Welcome to the 4th edition of Agent Tweets, a weekly post that highlights and responds to
publication-centric comments from agents and editors, gleaned from Twitter.
FYI: I do not name agents and editors quoted in these posts.
The quotes listed here are indicative of the spectrum, and
just happen to be the most compellingly worded variations.
Today's Agent Tweets: Blunt Honesty #1
Agent Tweet: "There's no editor to muck things up." I disagree with this. I speak from experience, having read self published stuff that needs an editor.
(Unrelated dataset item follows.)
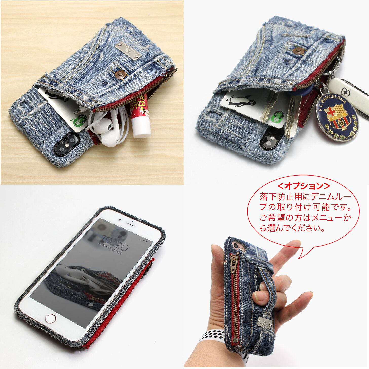 ①落下防止用にデニムループの取り付けが可能です。通常はループは付きません。
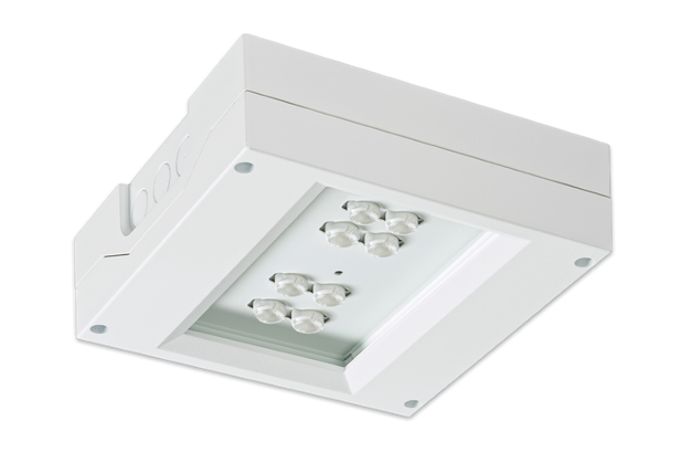 Witterungsfestes Aluminium-Druckgussgehäuse mit Sicherheitsglasscheibe. Ausführung für Deckenmontage mit acht Hochleistungs-LEDs und gegossenen Acryloptiken, wahlweise erhältlich zur Flächen-, Fluchtwegausleuchtung oder als Hallentiefstrahler mit Tiefstrahloptiken.

Why This Matters: Oh my, how this hits home with me - especially now, that I'm getting feedback from my first real battery of beta readers - you know, the ones who don't owe you any compliments, and haven't sat at your Inner Circle Writer's Meetings and listened to you drone about your wonderful vision for your tale, and who you want to star in the movie when Hollywood inevitably comes knocking at your door. Getting solid feedback on your WIP (work in progress) is a huge part of the journey toward getting published; and the more hard-core the feedback, the more you realize that you can't go down that editing road alone.
But even beta readers are not editors. Unless you hit on a very savvy beta reader who happens to be an editor in real life (which I figure is the publishing world's version of winnning the lottery), you're not going to get the real, bare-knuckles, literary fistfight you need from a beta reader. And your manuscript certainly won't achieve it's highest level of greatness from purely your own edits.
An excellent example of this is, I think, The Inheritance Cycle by Christopher Paolini. You're probably already familiar with the teenager-turned-bestselling-author who created the four volume series about dragonrider Eragon. I know quite a few people who are entirely enamored with this series - very savvy, well-read, creative people whom I love and admire. But on this one point - the literary worth of the Inheritance Cycle - we do not see eye to eye.
If you've read the entire Inheritance Cycle - congratulations. You are to be commended for doing what I could not. You have endured a long, wandering, detail-obsessed, superfluous tale whose verbosity would have made Charles Dickens cower. (Incidentally, I am very much a Charles Dickens fan. Just sayin'.) For my part, I could not get halfway through the first book. I just couldn't. I felt as though I was trying to read tar, or eat taffy that has the annoying habit of never dissolving in your mouth.
Please do not misunderstand me. At rock bottom, I do think Paolini is a very talented young man - but a talent unleashed a little too soon, and with too little mastery of his inherent skills. His original book, Eragon, was self-published - and I think it shows, loud and clear. He gave too free a reign to his natural gifts, while his inherent weaknesses were never strengthened. Though he did eventually find a publisher, Eragon was left largely in it's original form, thereby dooming the remaining three volumes to only build on - and thus magnify - the structural weaknesses of the first book. (I've had readers tell me they were able to skip entire chapters of book four without ever once losing the thread of the main action. The only other book of which I've heard such a disheartening assessment was Moby Dick.) The truly brilliant work that the Inheritance Cycle could have been never happened - because the tale went straight from a seventeen-year-old brain to a public audience, without a professional edit to bring discipline and precision to his overall work.
Which, of course, brings us back to the original Agent Tweet - that an editor really is NOT there to "muck up" your story. They are there to help. Since an editor is not emotionally tangled up in the tale (which we, as authors of our own stories, inevitably are), they have the objectivity to see structural issues in your tale that you cannot see - things that obscure the overall message of your book, that dim its brightness, or undermine its emotional punch.
Even if you do self-publish, you still want to enlist the help of a reputable editor, such as Sirra Edits - and she is by no means the only capable editor available to self-pubbed authors today. Check out the web, find someone willing to take on your novel and give it the spit-polish it deserves. Making your novel the absolute best it can be is, after all, the only way to stand out in an increasingly-chaotic publishing crowd.
Anyone out there self-publishing? What are your thoughts on the editor stage of the process?